Galron R, Kloog Y, Bdolah A, Sokolovsky M
Department of Biochemistry, George S. Wise Faculty of Life Sciences, Tel Aviv University, Israel.
Eur J Pharmacol. 1990 Jan 23;188(1):85-8. doi: 10.1016/0922-4106(90)90251-r.

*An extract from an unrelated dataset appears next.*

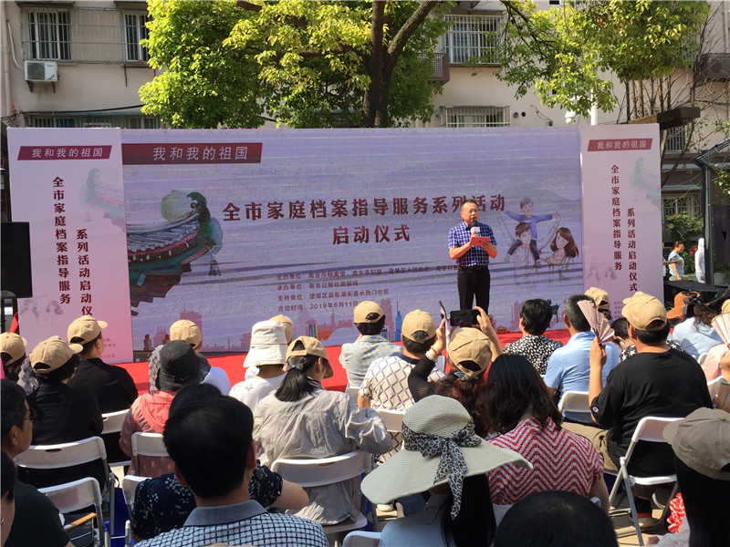 6月11日上午,在建邺区莫愁湖街道水西门社区,由南京市妇联、南京市档案馆、南京市家庭建设指导中心社区联合举办的“庆祝新中国成立70周年 ‘我和我的祖国’——家庭档案指导服务系列活动启动仪式” 。本次活动系2019南京邻里文化节、“6·9”国际档案日宣传周系列活动之一,来自全市各区家庭建档中心志愿者及各区群众代表等近百人参加活动。

Aging of rat heart myocytes in culture is accompanied by approximately 50% reduction in endothelin (ET)/sarafotoxin (SRTX) receptor-binding capacity as well as in the induction of phosphoinositide (PI) hydrolysis. Treatment of aged cultures under conditions yielding myocytes with a lipid composition similar to that in young cultures restored all the ET/SRTX receptors; at the same time it re-established only the endothelin-induced but not the sarafotoxin-induced PI-hydrolysis response. Thus more than one mechanism may stimulate PI metabolism.
培养的大鼠心肌细胞老化伴随着内皮素(ET)/蛙皮毒素(SRTX)受体结合能力以及磷酸肌醇(PI)水解诱导作用降低约50%。在能使心肌细胞脂质组成与年轻培养物中相似的条件下处理老化培养物,可使所有ET/SRTX受体恢复;同时,它仅重新建立了内皮素诱导的而非蛙皮毒素诱导的PI水解反应。因此,可能有不止一种机制刺激PI代谢。